Available Voice Tools
The tool subset is configured in settings.yaml under mcp.gemini_tools:
mcp:
gemini_tools:
- "get_rooms"
- "get_room_occupancy"
- "get_person_locations"
- "get_alerts"
- "get_weather"
- "get_local_datetime"
- "get_person_activities"
- "get_enrolled_persons"Only read-only tools are included by default. Destructive tools like trigger_rule are excluded to prevent unintended actions during voice conversations.
Example Queries
- "What time is it?" calls
get_local_datetime - "What's the weather like?" calls
get_weather - "Where is grandma?" calls
get_person_locations - "Are there any alerts?" calls
get_alerts
Conversation Logging
Tool calls are persisted in the conversation database as system turns with the tool name, arguments, and result stored in the metadata_json field.
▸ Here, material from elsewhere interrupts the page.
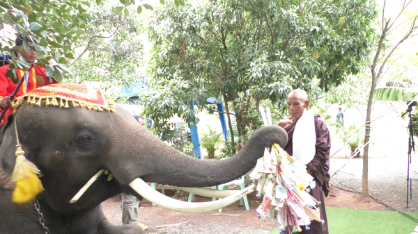 'พลายมงคล'ช้างแสนรู้ทำบุญผะเหวด

This provides a full audit trail for caregiver review.
Optional: Gemini Dependency
The Gemini Live integration requires the google-genai package, which is an optional dependency:
cd backend
uv sync --extra geminiThe import is intentionally lazy in backend/integrations/llm/gemini_live.py. The system starts without Gemini if the package isn't installed. This allows deployments that don't need voice to skip the dependency entirely. When Gemini is not configured, the WebSocket connection stays open and continues to deliver push notifications.